The members of the Council were informed about recent macroprudential activities of the CNB and the new cycle of identification of a number of banks as other systemically important credit institutions. The members of the Council were also informed about the progress made by the working group for alignment with the Recommendation of the European Systemic Risk Board (ESRB) in closing the real estate data gaps (ESRB/2016/14).

The members of the Council also analysed the use of the virtual currencies, such as, for instance, Bitcoin, Ethereum, Ripple and Litecoin. They noted that these products were associated with considerable risks, such as the risk of digital wallet theft, the risk of transaction misuse and the absence of protection in the form of fund refunds in the case of payment transactions executed by means of these products, when compared to regulated payments.
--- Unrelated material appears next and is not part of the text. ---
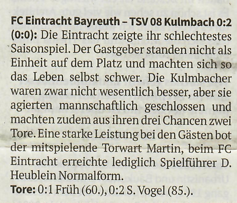 16.04.2023 FC Eintracht - VfB Kulmbach 1 : 3 ( 1:1 ) Es beginnt sehr verhalten auf beiden Seiten; Spiel im Mittelfeld ohne nach vorne öffnende Zuspiele und erwähnenswerte Torabschlüsse nicht vorhanden. Der bis dahin beste Angriff der Gastgeber über die rechte Seite mit Flanke nach innen endet mit einem Foulspiel an Daniel Heublein, der anschließend den fälligen Strafstoß zur Führung verwandelt. Der VfB zeigt sofort Reaktion, geht offensiv ins Pressing, ist körperlich in den Zweikämpfen robust und gewinnt so die Zweikämpfe. Der Ausgleich vor der Pause ist die logische Folge. Die Gäste bleiben auch nach Wiederanpfiff am Drücker und der überragende Amadeo Tasca erzielt die Führung. Das Spiel der Eintracht bleibt ohne jegliche Struktur, der VfB jetzt hoch motiviert setzt weiterhin auf konsequentes Pressing. Selbst die gelbrote Karte gegen VfB-Abwehrchef Andreas Reuther in der 58.Spielminute verschafft den Gastgebern kaum nennenswerte Vorteile. Tasca spielt weiter sein Spiel, hält und verteilt geschickt die Bälle. Eine Zeitstrafe reduziert die Kulmbacher auf acht Feldspieler, was den Spielmacher nicht daran hindert zur Entscheidung einzuschieben. Sehr, sehr deprimierend für die Mannschaft der Eintracht, aber auch für den treuen Anhang!

In addition, it was noted that such products were prone to quick changes in value and that their holders should be aware of possible taxation, etc. It was also noted that monetary funds invested in such products were not protected by a deposit insurance scheme nor by an investor-compensation scheme. By virtue of their features, these products do not bear resemblance to traditional currencies and financial instruments. The use of virtual currencies is also associated with some other risks such as the risks associated with IT system protection and fraud.

Also, virtual currencies are not electronic money in terms of the provisions of the Electronic Money Act, nor are they payment services in terms of the provisions of the Payment System Act. Therefore, the individuals issuing these products or trading in these products are not authorised by Croatian regulators to carry out these activities, nor are the regulators responsible for their oversight.

This means that the individuals deciding to invest in these products bear sole responsibility for their losses. Therefore, before making an investment decision, one should inform oneself in detail, based on reliable and verified sources, of the possible risks of purchasing, trading in and using virtual currencies.